▶ **Aim of the task**: For this listing, the lines between the one holding "Brown Sri bean" and the one holding "Note: Log-in credentials", inclusive, must be set down exactly.

▶ **Source material**:
* * * *

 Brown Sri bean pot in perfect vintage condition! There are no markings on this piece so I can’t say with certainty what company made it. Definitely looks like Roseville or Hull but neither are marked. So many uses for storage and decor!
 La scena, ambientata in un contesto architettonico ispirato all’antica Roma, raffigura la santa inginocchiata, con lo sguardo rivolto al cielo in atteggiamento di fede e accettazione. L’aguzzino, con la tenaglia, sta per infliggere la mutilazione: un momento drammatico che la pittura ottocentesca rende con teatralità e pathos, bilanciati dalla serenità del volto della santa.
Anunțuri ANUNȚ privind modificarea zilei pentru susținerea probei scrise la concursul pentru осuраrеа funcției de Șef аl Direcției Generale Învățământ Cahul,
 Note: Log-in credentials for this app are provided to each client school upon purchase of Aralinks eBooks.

* * * *

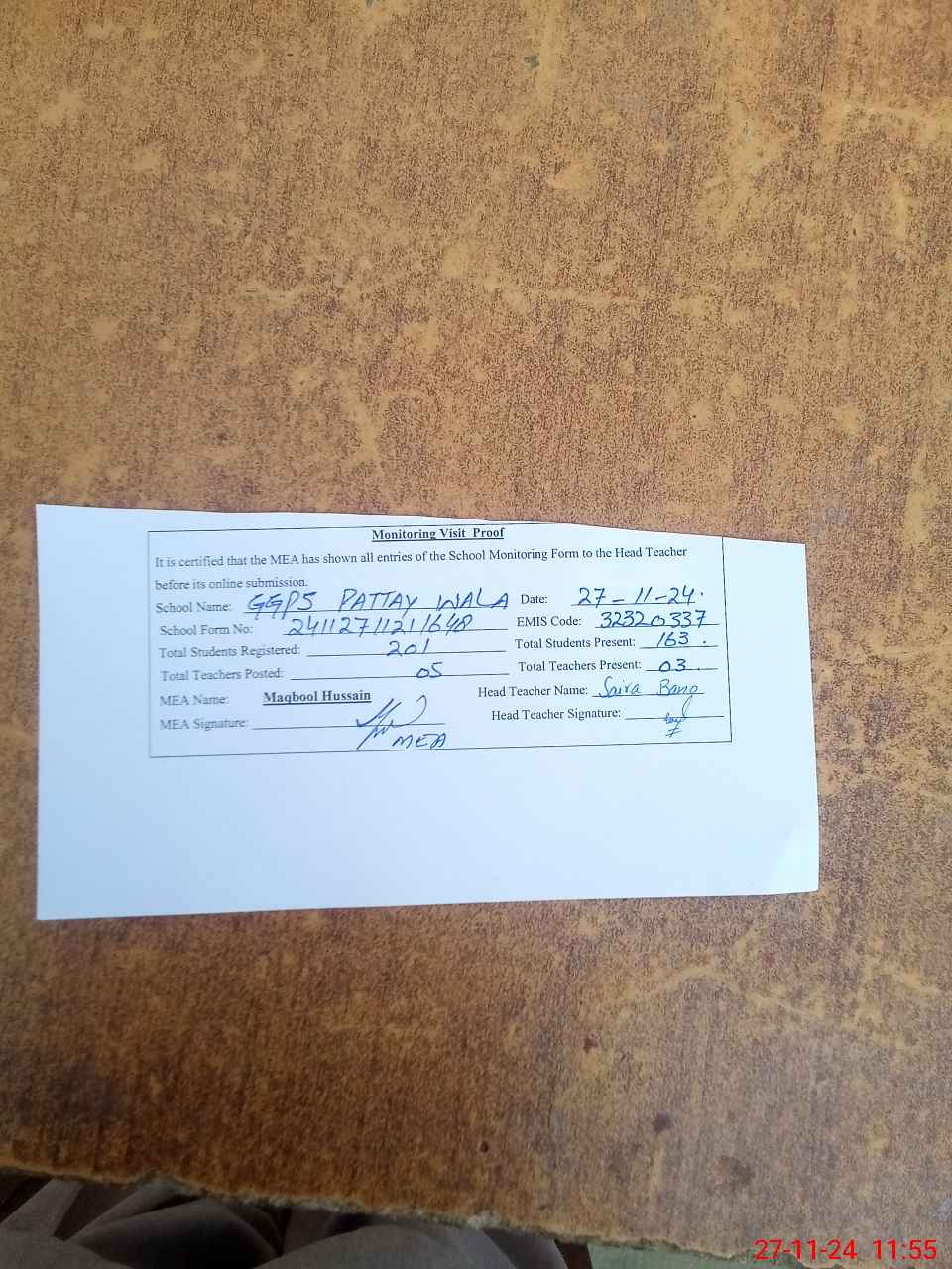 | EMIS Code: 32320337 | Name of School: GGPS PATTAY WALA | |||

* * * *

▶ **Solution to this exercise**:
 Brown Sri bean pot in perfect vintage condition! There are no markings on this piece so I can’t say with certainty what company made it. Definitely looks like Roseville or Hull but neither are marked. So many uses for storage and decor!
 La scena, ambientata in un contesto architettonico ispirato all’antica Roma, raffigura la santa inginocchiata, con lo sguardo rivolto al cielo in atteggiamento di fede e accettazione. L’aguzzino, con la tenaglia, sta per infliggere la mutilazione: un momento drammatico che la pittura ottocentesca rende con teatralità e pathos, bilanciati dalla serenità del volto della santa.
Anunțuri ANUNȚ privind modificarea zilei pentru susținerea probei scrise la concursul pentru осuраrеа funcției de Șef аl Direcției Generale Învățământ Cahul,
 Note: Log-in credentials for this app are provided to each client school upon purchase of Aralinks eBooks.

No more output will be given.